### MATERIAL PROVIDED
◇ ◇ ◇ ◇ ◇
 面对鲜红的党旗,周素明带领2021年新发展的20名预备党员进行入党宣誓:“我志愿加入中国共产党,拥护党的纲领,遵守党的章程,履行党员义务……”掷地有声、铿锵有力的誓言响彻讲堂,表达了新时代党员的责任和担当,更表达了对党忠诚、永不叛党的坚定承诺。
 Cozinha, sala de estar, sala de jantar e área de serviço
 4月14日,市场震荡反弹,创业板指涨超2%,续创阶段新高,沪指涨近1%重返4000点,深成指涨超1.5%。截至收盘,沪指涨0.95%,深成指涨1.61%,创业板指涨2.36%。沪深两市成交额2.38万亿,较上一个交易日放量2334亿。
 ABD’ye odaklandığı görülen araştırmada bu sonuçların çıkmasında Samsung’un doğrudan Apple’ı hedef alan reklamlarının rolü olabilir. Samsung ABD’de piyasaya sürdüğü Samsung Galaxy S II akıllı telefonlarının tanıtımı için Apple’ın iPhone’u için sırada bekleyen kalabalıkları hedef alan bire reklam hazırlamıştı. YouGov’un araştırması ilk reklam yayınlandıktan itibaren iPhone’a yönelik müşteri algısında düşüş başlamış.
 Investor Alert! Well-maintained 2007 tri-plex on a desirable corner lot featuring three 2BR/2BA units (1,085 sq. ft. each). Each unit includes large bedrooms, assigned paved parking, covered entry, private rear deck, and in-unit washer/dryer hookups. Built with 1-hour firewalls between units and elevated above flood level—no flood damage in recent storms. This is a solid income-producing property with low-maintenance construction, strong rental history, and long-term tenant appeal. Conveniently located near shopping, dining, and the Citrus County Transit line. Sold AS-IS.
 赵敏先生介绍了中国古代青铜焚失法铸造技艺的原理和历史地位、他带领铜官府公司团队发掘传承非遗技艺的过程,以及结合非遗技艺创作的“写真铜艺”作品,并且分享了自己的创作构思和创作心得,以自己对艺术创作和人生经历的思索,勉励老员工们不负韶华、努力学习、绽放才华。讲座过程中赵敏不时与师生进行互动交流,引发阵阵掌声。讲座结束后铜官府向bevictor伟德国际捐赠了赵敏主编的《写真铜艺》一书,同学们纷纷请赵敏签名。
◇ ◇ ◇ ◇ ◇
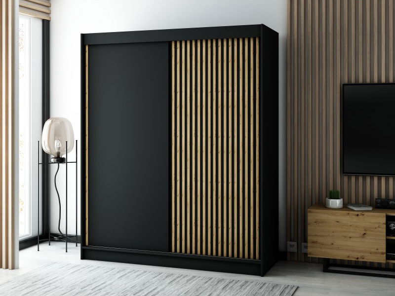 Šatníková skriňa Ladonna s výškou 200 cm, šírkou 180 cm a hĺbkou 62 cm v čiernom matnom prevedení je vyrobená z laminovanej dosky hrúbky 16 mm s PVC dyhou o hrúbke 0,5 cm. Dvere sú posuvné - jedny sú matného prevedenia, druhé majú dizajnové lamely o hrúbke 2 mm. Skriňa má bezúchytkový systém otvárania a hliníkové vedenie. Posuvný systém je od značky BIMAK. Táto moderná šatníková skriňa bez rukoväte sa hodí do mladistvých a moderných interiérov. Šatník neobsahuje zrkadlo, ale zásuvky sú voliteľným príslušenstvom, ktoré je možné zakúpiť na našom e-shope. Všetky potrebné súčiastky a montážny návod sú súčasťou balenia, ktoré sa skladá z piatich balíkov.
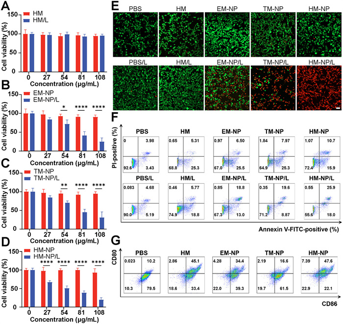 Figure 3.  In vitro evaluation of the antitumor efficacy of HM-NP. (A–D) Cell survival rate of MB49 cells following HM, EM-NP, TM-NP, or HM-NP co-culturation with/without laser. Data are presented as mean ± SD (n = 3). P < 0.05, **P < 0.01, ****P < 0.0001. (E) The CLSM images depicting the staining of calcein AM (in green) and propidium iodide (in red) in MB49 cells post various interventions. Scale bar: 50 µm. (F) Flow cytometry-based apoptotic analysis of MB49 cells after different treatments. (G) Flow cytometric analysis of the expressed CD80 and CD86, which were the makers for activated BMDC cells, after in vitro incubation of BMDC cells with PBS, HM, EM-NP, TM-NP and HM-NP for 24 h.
◇ ◇ ◇ ◇ ◇
### TASK
Return a word-for-word copy of the lines above from the one holding "面对鲜红的党旗,周素明带领2" through the one holding "4月14日,市场震荡反弹,创", with both of them included and nothing besides.

### WRITTEN ANSWER
 面对鲜红的党旗,周素明带领2021年新发展的20名预备党员进行入党宣誓:“我志愿加入中国共产党,拥护党的纲领,遵守党的章程,履行党员义务……”掷地有声、铿锵有力的誓言响彻讲堂,表达了新时代党员的责任和担当,更表达了对党忠诚、永不叛党的坚定承诺。
 Cozinha, sala de estar, sala de jantar e área de serviço
 4月14日,市场震荡反弹,创业板指涨超2%,续创阶段新高,沪指涨近1%重返4000点,深成指涨超1.5%。截至收盘,沪指涨0.95%,深成指涨1.61%,创业板指涨2.36%。沪深两市成交额2.38万亿,较上一个交易日放量2334亿。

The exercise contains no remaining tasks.